User type	Description
Google Cloud Admin	Users assigned this role are administrators of Google Cloud accounts.
Cloud Data Fusion User	Users assigned this role are authorized to design and run data pipelines. They are granted, at minimum, the Data Fusion Viewer ( `roles/datafusion.viewer`) role. If you are using role-based access control, you might need additional roles.
SAP Admin	Users assigned this role are administrators of the SAP system. They have access to download software from the SAP service site. It is not an IAM role.
SAP User	Users assigned this role are authorized to connect to an SAP system. It is not an IAM role.
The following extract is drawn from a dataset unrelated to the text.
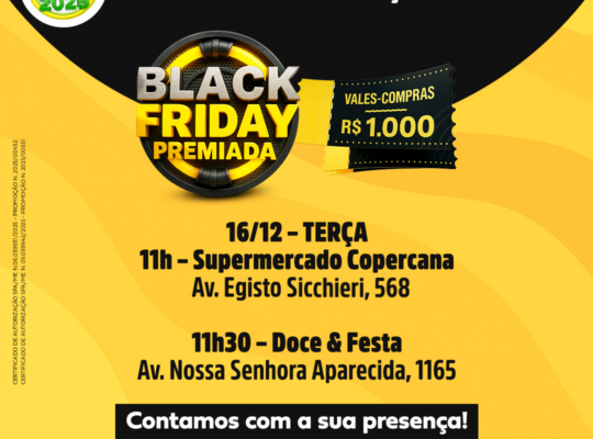 Promoção “Natal Iluminado” – No próximo dia 29, a ACIS sorteará 10 motos elétricas. Para participar, basta realizar compras a partir de R$ 100 nas lojas participantes e cadastrar os cupons no site www.aciscomprapremiada.com.br até as 23h59 do dia 28/12. Vale lembrar que todos os cupons cadastrados desde o início da campanha “ACIS Compra Premiada 2025” são cumulativos e concorrem à premiação de dezembro.

Prerequisites for OData extraction

The OData Catalog Service must be activated in the SAP system.
Data must be populated in OData service.

Prerequisites for your SAP system

In SAP NetWeaver 7.02 to SAP NetWeaver release 7.31, the OData and SAP Gateway functionalities are delivered with the following SAP software components:
- IW_FND
- GW_CORE
- IW_BEP
In SAP NetWeaver release 7.40 and later, all the functionalities are available in the component SAP_GWFND, which must be made available in SAP NetWeaver.

Optional: Install SAP transport files

The SAP components that are needed for load balancing calls to SAP are delivered as SAP transport files that are archived as a zip file (one transport request, which consists of one cofile and one data file). You can use this step to limit multiple parallel calls to SAP, based on the available work processes in SAP.

The zip file download is available when you deploy the plugin in the Cloud Data Fusion Hub.

When you import the transport files into SAP, the following SAP OData projects are created:

OData projects
- /GOOG/GET_STATISTIC
- /GOOG/TH_WPINFO
ICF service node: GOOG

To install the SAP transport, follow these steps:

Step 1: Upload the transport request files

Log into the operating system of the SAP Instance.
Use the SAP transaction code AL11 to get the path for the DIR_TRANS folder. Typically, the path is /usr/sap/trans/.
Copy the cofiles to the DIR_TRANS/cofiles folder.
Copy the data files to the DIR_TRANS/data folder.
Set the User and Group of data and cofile to <sid>adm and sapsys.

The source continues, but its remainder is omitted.